The latest Director Sentiment Index finds that our members are less bullish about the economy and business prospects than they were six months ago.

    Australian directors are less optimistic about the economy and business operating environment than they were just after last year’s federal election and change in government, according to the Australian Institute of Company Directors’ latest Director Sentiment Index (DSI). The DSI for the first half of 2014, conducted between 31 March to 13 April, by research group IPSOS, shows that overall director sentiment has fallen 6.8 points since October 2013, although it is slightly higher than at the same time last year.

    issues government short term

    “The results suggest the honeymoon period for the Coalition government is waning,” observes Company Directors CEO John Colvin. “Directors have indicated that productivity growth is now their biggest economic challenge, followed by issues such as excessive regulation and a lack of spending on infrastructure.”

    Infrastructure was again rated the number one priority for the federal government to address in the short- and long-term, with 90 per cent of directors indicating that the current level of government spending on infrastructure was too low. Productivity again followed infrastructure as the second most urgent issue for the federal government to address in the short-term, and was identified as the fourth most important issue for the long-term.

    Colvin notes that directors are now more pessimistic about the future health of the Australian economy, with just under half expecting it to be weak over the next 12 months. “For the first time in the three-year life of the DSI, directors expect the US economy to outperform the domestic economy in the next year,” he says.

    Overall, directors saw the European economy as still weak. They remained positive about  Asian economies although their enthusiasm for this region has declined over the past six months.

    economic challenges

    Low productivity growth is now considered the biggest economic challenge facing Australian business, followed by global economic uncertainty. Too much regulation or red tape dropped from being the biggest concern in the second half of 2013 to the third biggest, but remains a big worry for the directors polled. They believed the level of red tape and the time spent on regulatory compliance had risen over the past 12 months — an issue that is high on Company Directors’ policy agenda this year.

    Directors estimated that red tape compliance consumed an average of 23 per cent of their total board time commitment. And, 40 per cent believed this commitment had increased in the past 12 months.

    indicator table

    In addition, 75 per cent said the administrative costs and time associated with compliance was having a big effect on their business.
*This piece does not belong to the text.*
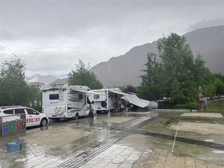 隨著公路的修建,自駕成了不少人的進(jìn)藏方式。游客紛紛表示,旅行的美景都在路上,選擇自駕不但有很多時(shí)間慢慢欣賞沿途美景,還能獲得更多的自由。隨著基礎(chǔ)設(shè)施的日益完善,進(jìn)藏的路上除汽車(chē)外,還能看見(jiàn)徒步、自行車(chē)、摩托車(chē)、電瓶車(chē)、挖掘機(jī)等多種多樣的進(jìn)藏方式。在拉薩某處停車(chē)場(chǎng)內(nèi),摩托車(chē)、房車(chē)、自行車(chē)規(guī)范停放,各省份牌照比比皆是。自駕而來(lái)的人們?cè)谲?chē)旁搭帳篷,做午飯。相較于飛機(jī)或火車(chē),自駕游多了幾分煙火氣。
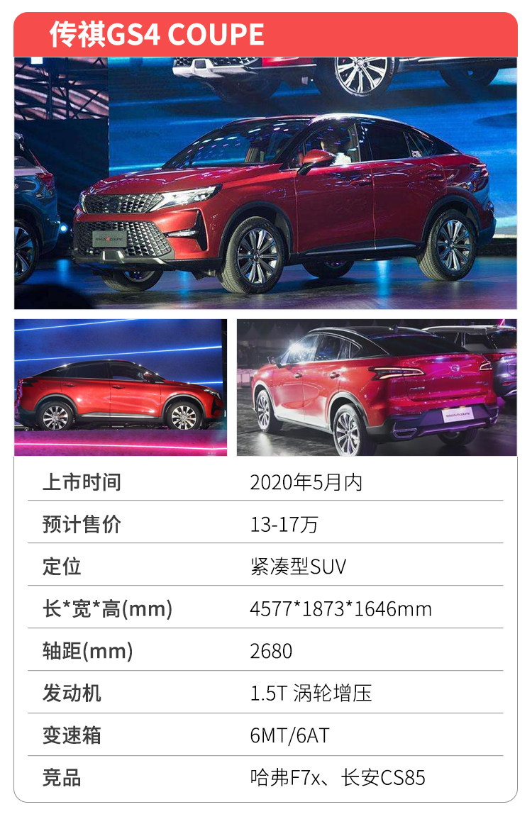 在2019年底,传祺GS4 COUPE就正式发布,只是由于春节假期以及疫情关系,上市节奏一再延后,在这个5月它终于能上市销售。新车是传祺品牌首款轿跑式SUV,基于传祺GS4基础上打造,但采用全新、更具进攻性的前脸设计,侧面可以看到双色车顶以及明显的溜背元素,视觉上更像是一辆加高加大的轿车。

Almost 70 per cent identified preparing or paying taxes and workplace health and safety as the aspects of their business most affected by red tape, followed by workplace flexibility and employing new workers. However, 40 per cent were optimistic that red tape would decrease over the coming year.

    Almost 40 per cent reported that the growth of their businesses had weakened in the past six months. However, a similar amount anticipated healthier profits in the second half of this year.

    Overall, directors expected the exchange rate to decline further in the coming 12 months, but predicted a rise in inflation, the RBA official cash rate, wages growth and the unemployment rate.

    Opinion about big picture government policies was mixed. Previous disquiet about the carbon tax and National Broadband Network (NBN) had diminished somewhat. Nearly half of directors polled said abolishing the carbon tax would affect their business positively while a similar amount believed it would not affect their business. However, directors view the NBN in a good light. Almost 60 per cent agree the NBN is a positive thing for Australia.

    Directors viewed industrial relations reform as a priority, although 40 per cent believed that an electoral mandate should first be given. They also reported that director liability and compliance requirements reduced their willingness to serve on a board.

    Remuneration for non-executive directors had no effect on this decision for 60 per cent of directors, while more than 80 per cent of directors believed the contribution they made to the economy and society bolstered their willingness to serve on a board.

    More than 40 per cent of directors said legislation on director liability dampened their willingness to continue on a board while more than half agreed that this legislation dampened their enthusiasm to accept new board appointments.

    Directors also remained pessimistic about the effects of legal judgments on director liability. More than 35 per cent said these  negatively affected their business decision-making and willingness to continue on a board. In addition, half believed that these negatively affected their readiness to accept new board appointments.

    Most directors perceived Australian companies as generally ethical and more so than overseas listed companies.